Merely because the liabilities are outstanding for last many years, it cannot be inferred
that the said liabilities have seized to exist. The Appellate Tribunal has rightly observed
that the Assessing Officer shall have to prove that the assessee has obtained the
benefits in respect of such trading liabilities by way of remission or cessation thereof
which is not the case before us. Merely because the assessee obtained benefit of
reduction in the earlier years and balance is carried forward in the subsequent year, it
would not prove that the trading liabilities the assessee have become non existent.
[6.2] The aforesaid decision of the Division Bench in the case of Nitin S. Garg (Supra) has been
considered and followed by the Division Bench of this Court in the case of Bhogilal Ramjibhai
Atara (Supra) and the addition made under Section 41(1) of the Act in the similar facts and
circumstances of the case is ordered to be deleted. In paragraph 8 the Division Bench has observed
and held as under;
“We are in agreement with the view of the Tribunal. Section 41(1) of the Act as
discussed in the above three decisions would apply in a case where there has been
remission or cessation of liability during the year under consideration subject to the
conditions contained in the statute being fulfilled. Additionally, such cessation or
remission has to be during the previous year relevant to the assessment year under
consideration. In the present case, both elements are missing. There was nothing on
record to suggest there was remission or cessation of liability that too during the
previous year relevant to the assessment year 200708 which was the year under
consideration. It is undoubtedly a curious case. Even the liability itself seems under
serious doubt. The Assessing Officer undertook the exercise to verify the records of the
so called creditors. Many of them were not found at all in the given address. Some of
them stated that they had no dealing with the assessee. In one or two cases, the
response was that they had no dealing with the assessee nor did they know him. Of
course, these inquiries were made ex parte and in that view of the matter, the assessee
would be allowed to contest such findings. Nevertheless, even if such facts were
established through biparte inquiries, the liability as it stands perhaps holds that there
was no cessation or remission of liability and that therefore, the amount in question
cannot be added back as a deemed income under section 41(c) f the Act. This is one of
the strange cases where even if the debt itself is found to be nongenuine from the very
inception, at least in terms of section 41(1) of the Act there is no cure for it. Be that as
it may, insofar as the orders of the Revenue authorities are concerned, the Tribunal not
having made any error, this Tax Appeal is dismissed.”
In the present case there was no remission and / or cessation of the liability during the previous
year relevant to the assessment year under consideration. As such, there is no remission and / or
cessation of the liability during the year under consideration subject to the conditions contained in
the statute being fulfilled. In the present case, both the aforesaid elements are missing.

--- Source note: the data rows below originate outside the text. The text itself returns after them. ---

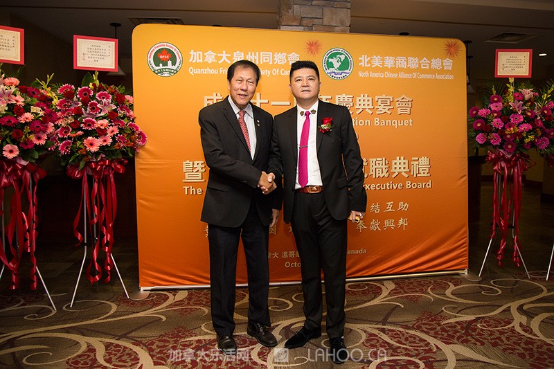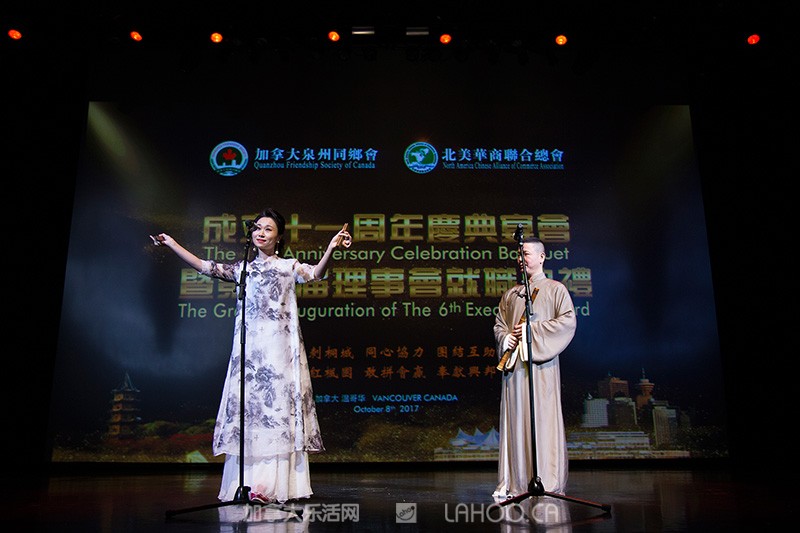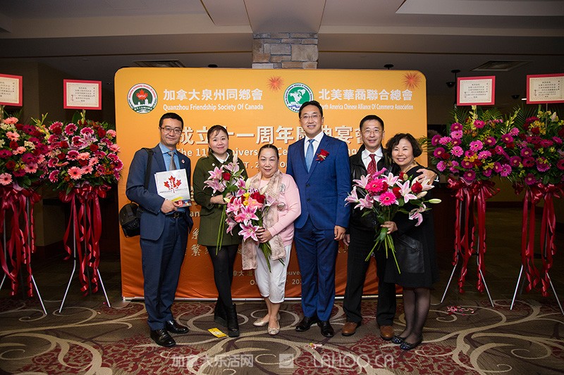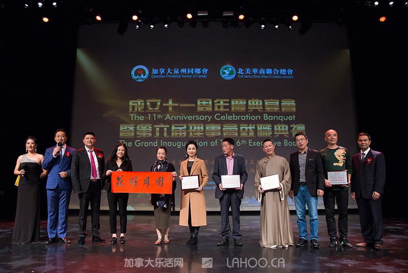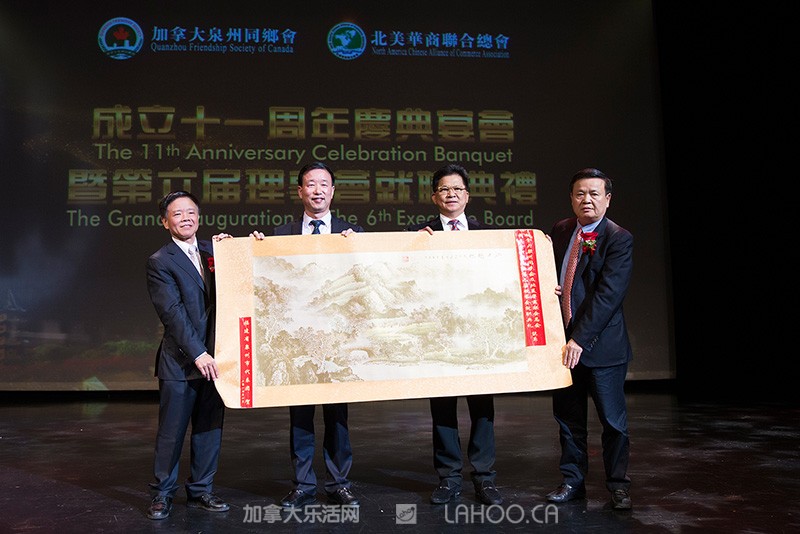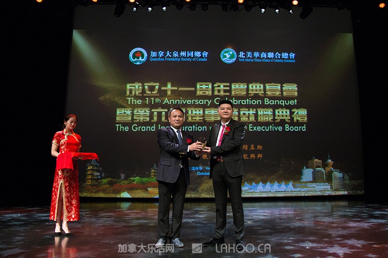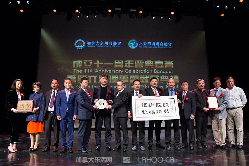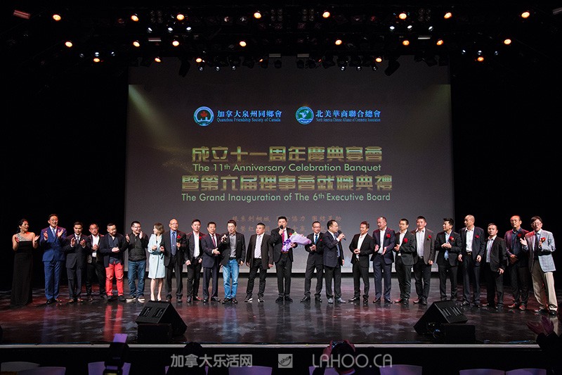 [加拿大乐活网 lahoo.ca 乐斌报道]2017年10月8日加拿大泉州同乡会/北美华商联合总会成立十一周年庆典宴会暨第六届理事会就职典礼在温哥华河石剧场拉开帷幕,一年又一年,大家风雨兼程,泉州同乡会及北美华商联合总会已经走过了十一年.十一年里,两会从小到大、从弱到强,期间人才辈出,荣誉频加,创造了一个又一个属于泉州人,更是属于世界华人的传奇。两会的发展离不开全体理事的努力,两会的发展更离不开所有泉州乡亲的关怀和奉献。加拿大泉州同乡会暨北美华商联合总会对社区及乡亲的贡献,亦多次获得加拿大三级政府及各级政要的嘉许与赞赏。两会也将秉承“和谐、积极、友善、奉献”的社团精神,携手本会所有乡亲竭尽全力,为加拿大、祖籍国(中国)做出更有意义的贡献,携手共创一个更加美好辉煌的明天!加拿大乐活网及高度周刊全程报道本次庆典。
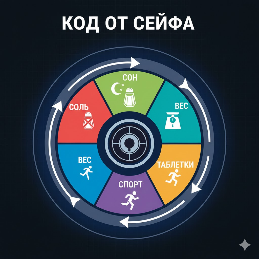 Автор предлагает представить борьбу с давлением как код от сейфа из пяти шагов, где каждый открывает следующий уровень защиты сосудов. Структура кода: Главная фатальная ошибка: напуганный человек сразу надевает кроссовки и бежит «убегать от инфаркта» при давлении 160 и выше.
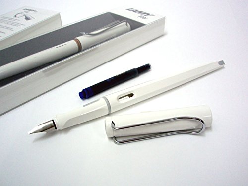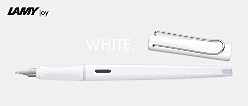 -. Binding : Office Product -. Brand : Lamy -. Color : White -. EAN : 4014519234838 -. Feature : Made of white shiny plastic. Ergonomic grip section and indestructible metal wire clip / Cartridge filling system with ink cartridge LAMY T 10 blue (can also use with converter Z 24). / Stainless steel nib with 1.1 and 1.5 mm chisel point / Designer: Wolfgang Fabian / Limited Edition White Colour -. Label : Lamy -. Manufacturer : Lamy -. Model : 1223483 -. MPN : 1223483 -. PackageQuantity : 1 -. PartNumber : 1223483 -. ProductGroup : Office Product -. ProductTypeName : OFFICE_PRODUCTS -. Publisher : Lamy -. Studio : Lamy -. Title : Lamy Joy Calligraphy Fountain Pen - Limited Edition White

[7.0] Under the circumstances, as such, no error has been committed by the learned Tribunal in
deleting the additions made under Section 41(1) of the Act. The proposed substantial questions of
law (A) and (B) with respect to deleting the addition made under Section 41(1) of the Act are
answered against the revenue.
[8.0] Now so far as the other two questions in restoring the grounds raised by the learned Tribunal
with respect to the additions made under Section 68 of the Act of unexplained labour charges of
Rs.25,65,634/ is concerned, it is required to be noted that as such the entire issue is remanded by
the learned Tribunal to the file of the learned CIT(A) and the matter is remanded to the learned
CIT(A). Under the circumstances, with respect to the above, no interference of this Court is called
for, as the entire issue with respect to the same would be at large before the learned CIT(A).
[9.0] In view of the above and for the reasons stated hereinabove, both the Appeals fail and they
deserve to be dismissed and are accordingly dismissed.